In the entries below, begin at the line with "ENERJİ ve Tabii" and stop after the line with "GNAUMORE Supporti Gonfiabili"; output those lines exactly and omit the pictures.

Excerpted records:

⁂

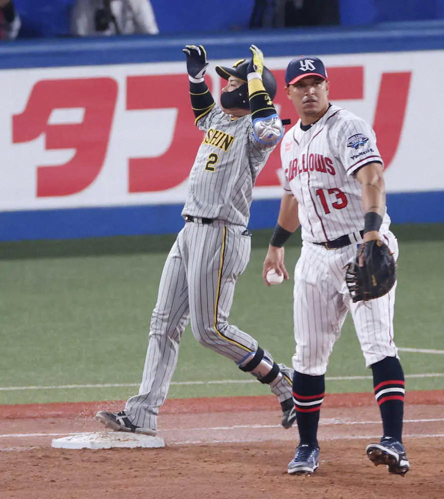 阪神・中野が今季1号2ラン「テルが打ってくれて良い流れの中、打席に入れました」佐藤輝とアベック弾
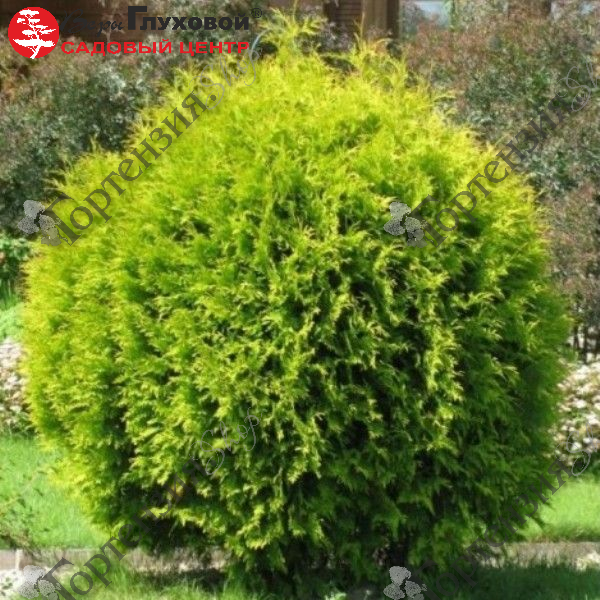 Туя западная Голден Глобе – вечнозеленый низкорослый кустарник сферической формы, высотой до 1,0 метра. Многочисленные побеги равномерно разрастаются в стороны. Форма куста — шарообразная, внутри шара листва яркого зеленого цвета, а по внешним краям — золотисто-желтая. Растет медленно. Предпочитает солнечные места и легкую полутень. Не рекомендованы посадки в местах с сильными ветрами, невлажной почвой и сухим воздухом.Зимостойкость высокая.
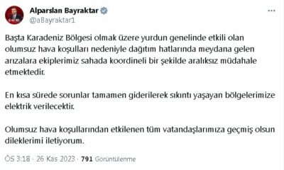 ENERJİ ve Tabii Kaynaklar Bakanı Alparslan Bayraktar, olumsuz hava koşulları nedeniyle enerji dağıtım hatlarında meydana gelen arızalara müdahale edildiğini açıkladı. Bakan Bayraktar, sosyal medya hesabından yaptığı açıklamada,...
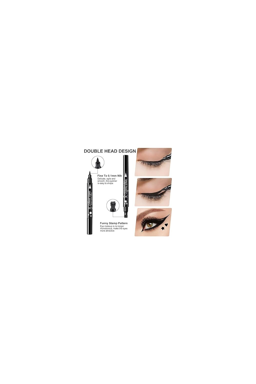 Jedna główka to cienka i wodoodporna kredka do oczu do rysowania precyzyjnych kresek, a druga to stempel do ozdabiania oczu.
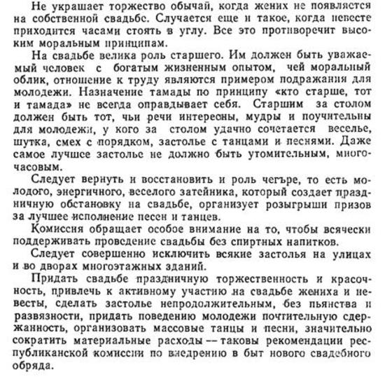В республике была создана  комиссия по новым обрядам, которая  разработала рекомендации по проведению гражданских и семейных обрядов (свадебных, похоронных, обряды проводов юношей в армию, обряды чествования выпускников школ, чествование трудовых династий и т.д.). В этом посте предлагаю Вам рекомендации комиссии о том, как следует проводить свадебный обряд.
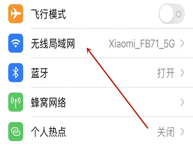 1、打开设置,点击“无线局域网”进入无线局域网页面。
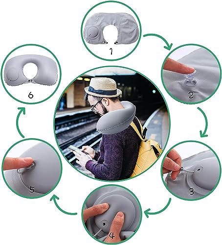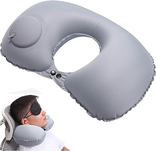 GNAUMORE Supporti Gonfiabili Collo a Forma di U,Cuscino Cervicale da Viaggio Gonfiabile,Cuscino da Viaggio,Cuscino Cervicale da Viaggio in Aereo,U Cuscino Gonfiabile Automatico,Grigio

⁂

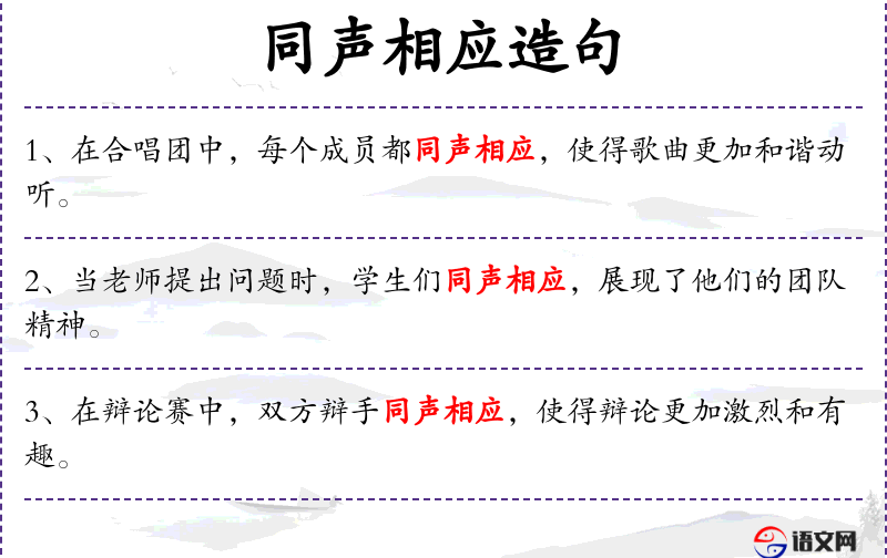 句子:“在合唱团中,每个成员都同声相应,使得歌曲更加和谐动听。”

⁂

Solved problem:
 ENERJİ ve Tabii Kaynaklar Bakanı Alparslan Bayraktar, olumsuz hava koşulları nedeniyle enerji dağıtım hatlarında meydana gelen arızalara müdahale edildiğini açıkladı. Bakan Bayraktar, sosyal medya hesabından yaptığı açıklamada,...
 Jedna główka to cienka i wodoodporna kredka do oczu do rysowania precyzyjnych kresek, a druga to stempel do ozdabiania oczu.
В республике была создана  комиссия по новым обрядам, которая  разработала рекомендации по проведению гражданских и семейных обрядов (свадебных, похоронных, обряды проводов юношей в армию, обряды чествования выпускников школ, чествование трудовых династий и т.д.). В этом посте предлагаю Вам рекомендации комиссии о том, как следует проводить свадебный обряд.
 1、打开设置,点击“无线局域网”进入无线局域网页面。
 GNAUMORE Supporti Gonfiabili Collo a Forma di U,Cuscino Cervicale da Viaggio Gonfiabile,Cuscino da Viaggio,Cuscino Cervicale da Viaggio in Aereo,U Cuscino Gonfiabile Automatico,Grigio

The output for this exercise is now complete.